Re: [isabelle] HOLCF's continuity with partially defined operators
On Thu, Jul 26, 2012 at 11:25 AM, Joachim Breitner <breitner at kit.edu> wrote:
> Dear Brian,
> Am Donnerstag, den 26.07.2012, 07:39 +0200 schrieb Brian Huffman:
>> > You know the domains better than me: Do you still expect that is
>> > possible to show the existence of arbitrary meets for such a data type,
>> > and if so, how?
>> > Thanks a lot in advance,
>> > Joachim
>> Hi Joachim,
>> Your idea of finding the meet of set M by taking the lub of a sequence
>> of meets of (take i ` M) is on the right track.

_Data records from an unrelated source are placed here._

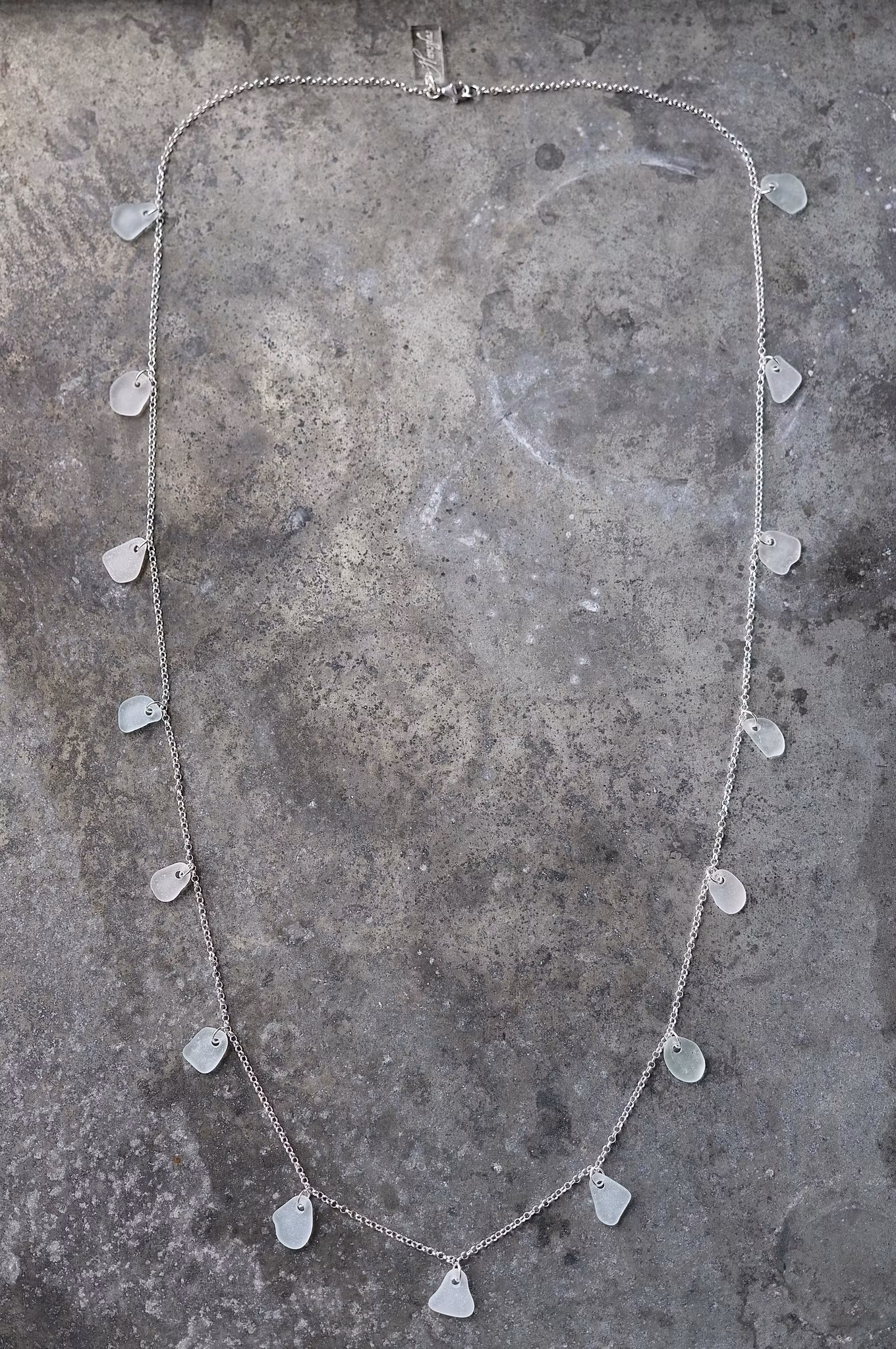 Femton matchande bitar i en 85 cm halskedja av äkta silver, i låset sitter en plexitag "Havsglas" tillverkad i Sverige.
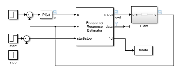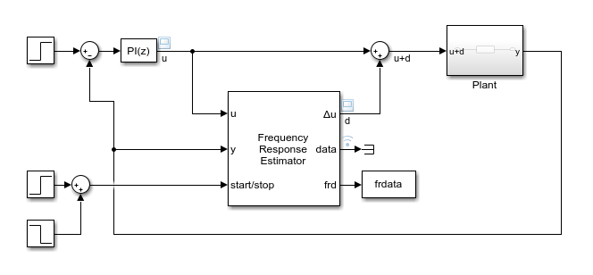 Управляющий сигнал подается в порт u блока оценки частотного отклика. Порт u + Δu подается на вход установки. Перед началом процесса оценки блок подает управляющий сигнал непосредственно от u до u + Δu без добавления какого-либо возмущения. В этом состоянии блок не влияет на поведение системы. (Можно выполнить оценку частотной характеристики в конфигурации с разомкнутым контуром, подключив u к постоянному источнику, который приводит установку к требуемой рабочей точке для оценки. Однако рекомендуется использовать конфигурацию с замкнутым контуром, особенно для оценки в реальном времени. В конфигурации с замкнутым контуром контроллер работает для подавления вводимых возмущений и поддержания безопасной работы установки.)
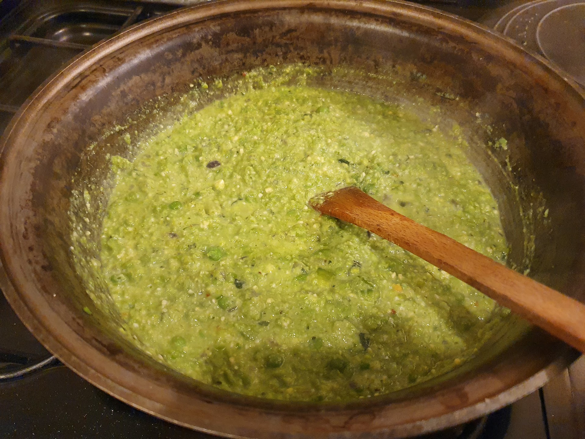 For dinner, I made a pea and mint soup and it was delicious! It was so good I’m going to share the recipe which I just made up.

>> I think you should be able to show that any bifinite domain with
>> binary meets has arbitrary nonempty meets. First, note that if you
>> have binary meets then you have all nonempty finite meets. Then from
>> bifiniteness, there exists a chain of approx functions: Like take
>> functions, these have their lub = ID, but more importantly each one
>> also has a finite range, so (approx i ` M) is always a finite set.
>> Finally, LUB i. Meet (approx i ` M) should give you the meet for M.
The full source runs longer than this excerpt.